Tit for Tat – Game Theory Reflection


         Tit for Tat – Game Theory Reflection




          Some people think Game Theory is just about games, but it's not. It is the mathematical study of decision making and was created by John Von Neumann in the 1920s. A “game” is any situation between players that results in gains or losses for each player. It allows to assign a numerical value to each benefit or deficitt from the result of the game (situation) This might sound too theoretical but all you really need to know is peoples' relative
          The picture of the two people on my first page shows a game The picture is of a 2x2 matrix. Each square in the matrix has two numbers. One for you and one for your opponent. These numbers represent a numerical payout for each player. A negative number represents a loss. The particular picture on the page is called “Prisoner's Dilemma. It is a situation in which two people are suspected of a crime. Both people have a choice to make. They can confess or they can remain silent. The picture on the page helps you understand the consequences of each combination of choices ie. One player could confess and the other could remain silent, on both players could confess. The numbers on the picture represent the number of years in jail each person will have to serve. For example, if one player confesses and the other doesn't the confessing player will have no years in jail and the other player will receive 20 years in jail. However, If you look at the numbers carefully you will actually notice that no matter what you r opponent does it always best to confess. This makes things not very interesting. The interesting part comes when you start having multiple players each playing multiple one-ones. Is cooperation now a useful thing?
          This game of “Prisoner's Dilemma was so famous that a man named Robert Axlerod held a tournament. He invited about a dozen players including other game theorists, mathematicians, economists, and people from all fields. They players themselves did not consciously play in the tournament, however, their strategies did. They had to submit an algorithm that would tell you what move to make based on all the previous games. Axelrod decided that each game would have 200 iterations (choices) and that the tournament would be round robin . The player with the most cumulative points wins.
           Many players submit detailed complicated strategies to the tournament. Strategies that take many lines of computer code to write. However a strategy named “Tit for Tat” won the tournament . And had less than five lines of code. Everybody was astounded. How could this strategies have won?
After this the tournament got more popular and this time the tournament had 200 players. A Cinderalla story, Tit for Tat wins again. No only did it win but everyone knew exactly what strategy it was before the tournament.. This made such a commotions that they started analyzing what was going on.

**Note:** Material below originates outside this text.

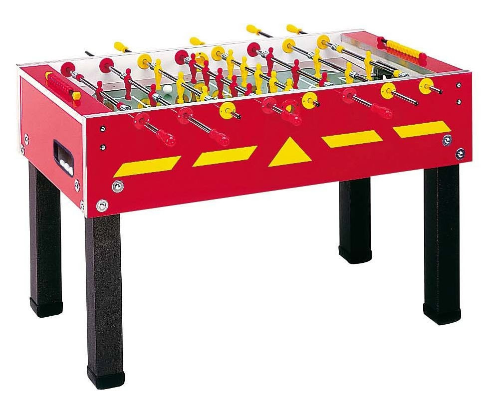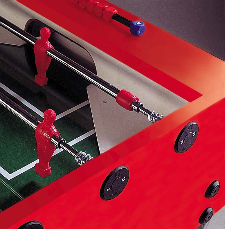 A játéktér laminált felülettel burkolt, melyet időjárásálló ragasztóval fixálnak.A játéktér felfestései speciális napfény szívó hatásának ellenálló festékkel történnek. Az asztal rudazatai golyóscsapágyas tokban gördülnek, melyek jelenléte gyorsabbá teszi a játékot anélkül hogy a játékos csuklóját megerőltetné.
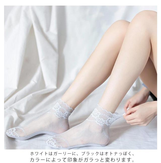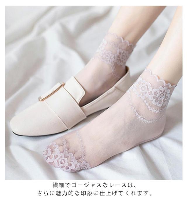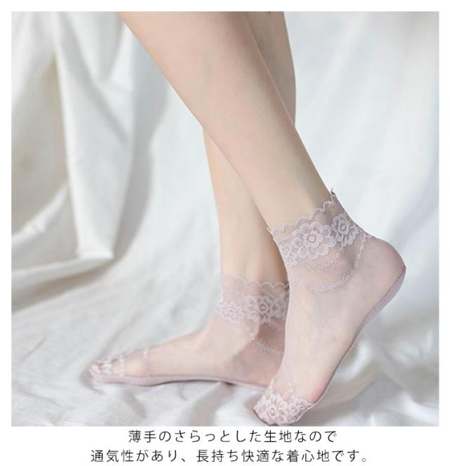 靴下 レース ソックス レディース 3足セット 透け感 綿 花柄 レース レッグウェア パンプス用 スニーカー用 かわいい おしゃれ シースルー ショートソックス 女性 クルー丈 通気性 フリル 送料無料

You can see from my infrograph that they determined that Tit for Tat had three important qualities. Being nice, being punishing, and being forgiving.. but what exactly do I mean..


  1. Being nice is cooperating on the first move
  2. Punishing is punishing your opponent after they hurt you
  3. Forgiving is when you stop punishing an opponent when they start cooperating again.



          This data led to more research. What if we looked at things from an evolutionary view point? One game theorist did. He used a super computer and ran 9000 sequential tournaments. Meaning there were 9000 birth and deaths cycles to allow for evolution. Amazingly, the data they found showed strategies that were very similar to Tit for Tat. This is beautiful and gives a mathematical reason that our evolution is towards altruism.